Docs: Design document for semantic memory #377

o-love · 2025-10-24T17:37:06Z

Description

We are looking to refactor profile memory into a general knowladge and fact extractor.
Where given a set of specialized prompts, each prompt can extract a set of facts.

This can then be used both for extracting facts about a user persona as well as extracting facts on other topics.

Type of change

Documentation update

Copilot

Pull Request Overview

This PR introduces a design document for refactoring profile memory into a generalized semantic memory subsystem. The system uses LLM-based fact extraction with specialized prompts to build, update, and search structured knowledge across various domains.

Key Changes:

Design document outlining architecture for semantic memory extraction and storage
Definition of data models, ingestion flows, and consolidation strategies
Documentation of background processing and caching mechanisms

💡 Add Copilot custom instructions for smarter, more guided reviews. Learn how to get started.

docs/core_concepts/semantic_memory_design.mdx

Copilot · 2025-10-24T17:37:39Z

docs/core_concepts/semantic_memory_design.mdx

+invoke the `LanguageModel` to produce a list of `SemanticCommand`s that
+are applied to the feature set.


The search flow description appears incomplete or incorrect. Lines 88-89 describe invoking the LanguageModel to produce SemanticCommands applied to the feature set, but in a search operation, the system should be querying the vector database with the embedding, not modifying features. This should describe the semantic search process using the embedding to find relevant features.

Suggested change

invoke the `LanguageModel` to produce a list of `SemanticCommand`s that

are applied to the feature set.

use this embedding to query the vector database for similar feature embeddings,

retrieving the most relevant features as search results.
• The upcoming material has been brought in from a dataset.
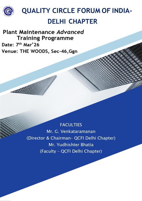 We are pleased to announce the Plant Maintenance Advanced Training Program on 7th March, 2026 by QCFI Delhi Chapter
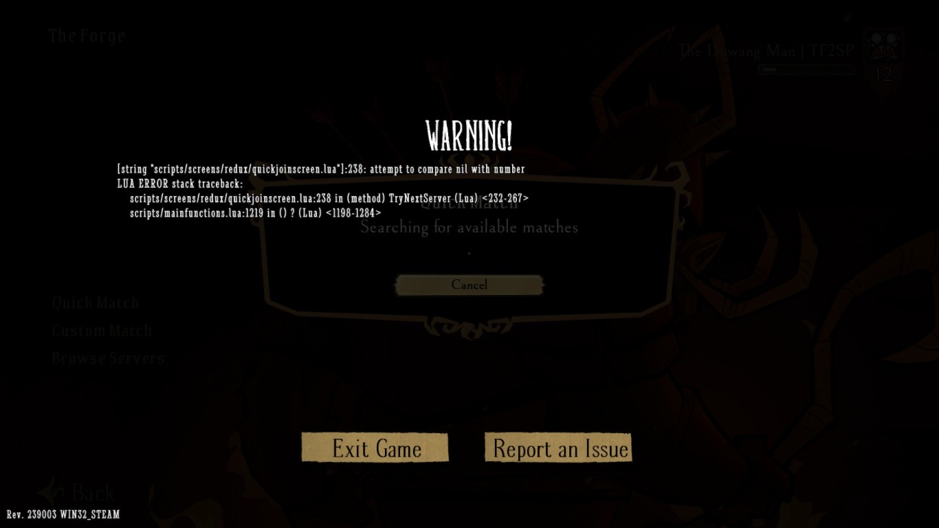 Hey @Pyrolantern, we have a dedicated Klei Bug Tracker for The Forge. Found here: Don't Starve Together: The Forge Beta. If possible, get your client_log.txt file from C:\Users\User\Documents\Klei\DoNotStarveTogether and attach it to your report there. If the client_log.txt no longer ends the same way the image above does, just make sure to attach this very same photo in your bug report. Since we can not move subforum posts into bug trackers directly.

I kind of agree with Copilot here. I don't fully understand why we apply SemanticCommands to the feature set after turning the query into an embedding, unless maybe one of the SemanticCommands is some kind of wrapper for search?
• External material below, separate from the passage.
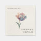 Pretty pink and purple tulip wedding napkins featuring classic watercolor floral designs in minimalist modern and boho styles for spring and summer.
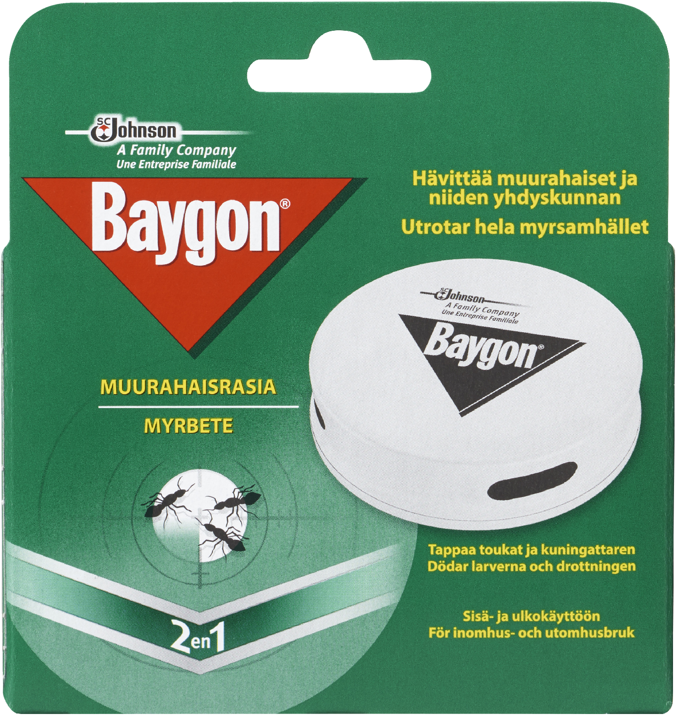 Baygon muurahaisrasia on tarkoitettu sokerimuurahaisten torjuntaan asuinrakennuksista ja niihin liittyviltä alueilta, kuten parvekkeilta ja terasseilta. Valmiste on käyttövalmis syötti, jota käytetään sisä- ja ulkotiloissa. Syöttejä sijoitetaan muurahaispesän läheisyyteen tai suoraan niiden kulkureiteille. Populaatio häviää 3–4 viikon kuluessa. Baygon muurahaisrasia soveltuu käytettäväksi sisällä olohuoneissa ja makuuhuoneissa sekä ulkona terasseilla ja parvekkeilla.Rasiassa oleva makea neste houkuttelee muurahaisia, jotka vierailevat syötissä ja kuljettavat massaa ruoaksi myös pesään tuhoten samalla muurahaisyhdyskunnan. Muurahaisrasia asetetaan sellaiseen paikkaan, missä muurahaiset liikkuvat ja minne ne piiloutuvat. Parhaan tehokkuuden saavuttamiseksi ja mikäli muurahaisongelma on suuri, käytä useita rasioita samanaikaisesti. Tuote on tuoksuton ja siisti käyttää.

SarahScargall · 2025-10-24T18:03:41Z

Is this design document something we are implementing toward, or something that has already been implemented? I ask as if it has been implemented, I need to open a separate Activity to update the Architectural design documentation on docs.memmachine.ai.
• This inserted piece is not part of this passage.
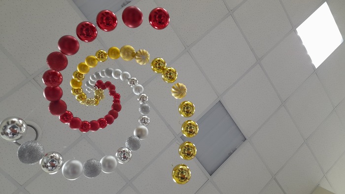 Неплохо, но и не супер. В этом году захотелось идею развить и было решено попытаться сделать спиральную елку. Имеющихся шариков двух цветов показалось мало, поэтому добавили шарики третьего цвета. Итого получилось 3 нитки, по 25 шариков в каждой.

o-love · 2025-10-24T18:25:00Z

Is this design document something we are implementing toward, or something that has already been implemented? I ask as if it has been implemented, I need to open a separate Activity to update the Architectural design documentation on docs.memmachine.ai.

It is something we are working towards over the next weeks.

svetly-todorov · 2025-10-27T21:41:51Z

docs/core_concepts/semantic_memory_design.mdx

+To update a feature set, the feature set and the prompt associated with
+a `SemanticMemoryType` are sent to the `LanguageModel`. The LLM
+produces a list of `SemanticCommand`s that are applied to the feature
+set.


It would be useful to provide a short example of what a "feature set" can be. I referenced some output that I got after performing some memory additions & searches in main, and I'm assuming that it means the list of features that come after "profile memory":

"profile_memory":[{"tag":"Hobbies & Interests","feature":"favorite_food","value":"apples","metadata":{"id":1,"similarity_score":0.3549225330352783}},{"tag":"Hobbies & Interests","feature":"liked_food","value":"persimmons","metadata":{"id":3,"similarity_score":0.2976627051830292}}]

svetly-todorov · 2025-10-27T21:52:37Z

docs/core_concepts/semantic_memory_design.mdx

+is to translate the application specific `SessionData` into a `set_id`
+that will be used by the `SemanticManager`.
+This includes the `persona_id` and the `session_id`, for both the profile based
+semantic memory and the session based semantic memory.


I may be missing something. Is persona_id something new to be introduced in the refactor or something already in the code? On a first reading it seems maybe like a combination of the user_id and group_id that currently make up our session data.

svetly-todorov · 2025-10-27T21:53:32Z

I read through this to get a handle on #371.

Overall I think the description gives me a good high-level overview of what the semantic memory is supposed to accomplish. I just have some Qs about the details therein

svetly-todorov

This is useful and, I think, OK to merge. The "user experience" part at the top makes clear how I can interface with the refactored code, and then the rest follows...

Now, I understand "feature sets" not to be characteristics you glean from the data (e.g. "hobbies and interests" or "food preferences") but more like a set of identifiers that the message is associated with (group X, organization Y, etc.)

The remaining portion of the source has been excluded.